## DATA SHOWN
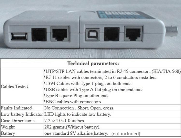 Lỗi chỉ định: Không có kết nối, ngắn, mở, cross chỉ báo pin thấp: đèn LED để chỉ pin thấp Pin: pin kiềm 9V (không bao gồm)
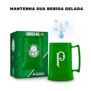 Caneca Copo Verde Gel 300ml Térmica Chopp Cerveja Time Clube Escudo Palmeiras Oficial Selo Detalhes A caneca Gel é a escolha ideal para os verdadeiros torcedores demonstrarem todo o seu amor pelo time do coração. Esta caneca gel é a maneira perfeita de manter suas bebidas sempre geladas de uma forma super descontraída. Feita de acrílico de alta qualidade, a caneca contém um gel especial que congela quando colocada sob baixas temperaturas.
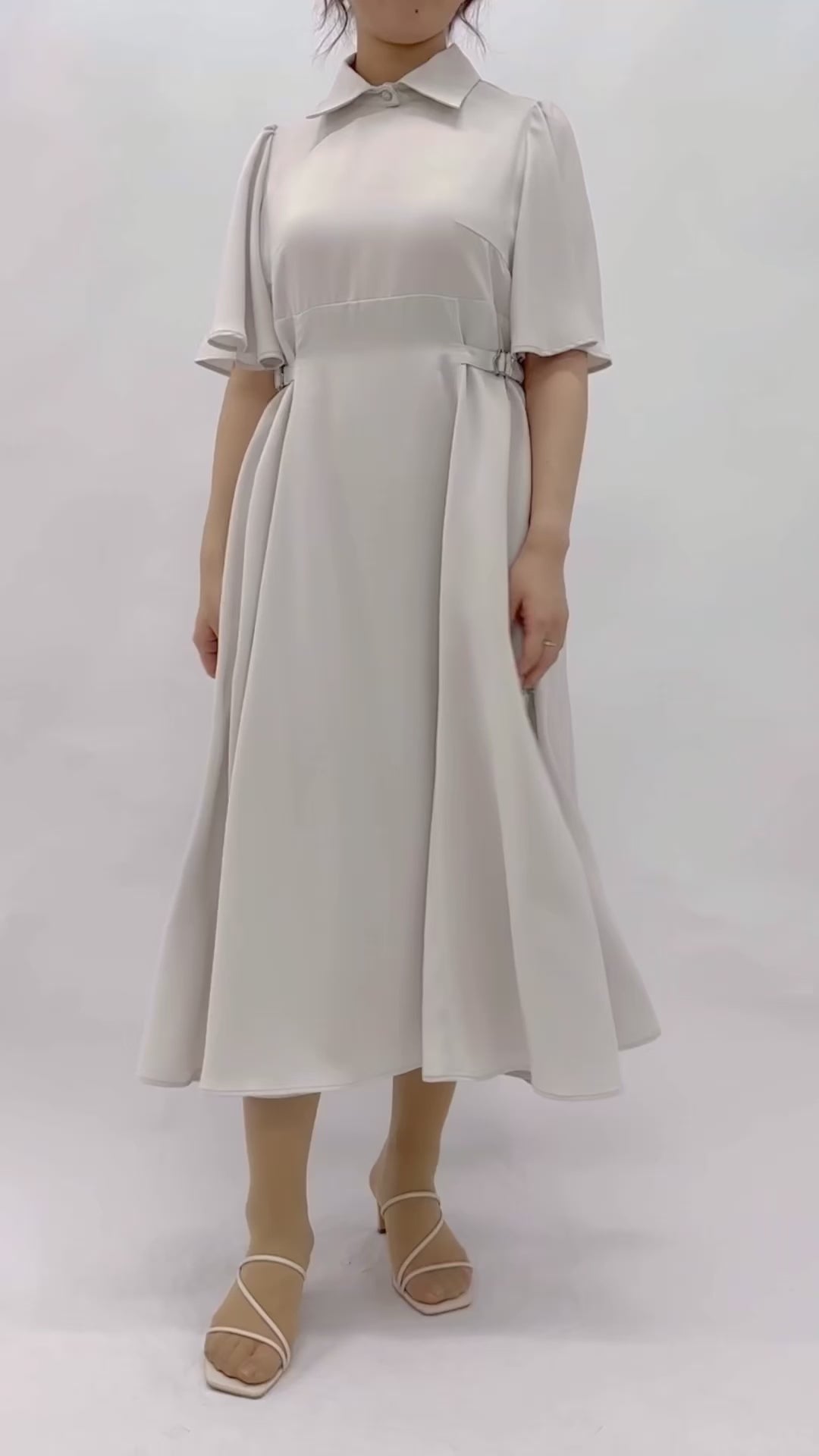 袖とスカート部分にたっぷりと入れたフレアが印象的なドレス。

## EXERCISE INSTRUCTIONS
Word for word, retype the material above without its pictures.

## TASK ANSWER
 Lỗi chỉ định: Không có kết nối, ngắn, mở, cross chỉ báo pin thấp: đèn LED để chỉ pin thấp Pin: pin kiềm 9V (không bao gồm)
 Caneca Copo Verde Gel 300ml Térmica Chopp Cerveja Time Clube Escudo Palmeiras Oficial Selo Detalhes A caneca Gel é a escolha ideal para os verdadeiros torcedores demonstrarem todo o seu amor pelo time do coração. Esta caneca gel é a maneira perfeita de manter suas bebidas sempre geladas de uma forma super descontraída. Feita de acrílico de alta qualidade, a caneca contém um gel especial que congela quando colocada sob baixas temperaturas.
 袖とスカート部分にたっぷりと入れたフレアが印象的なドレス。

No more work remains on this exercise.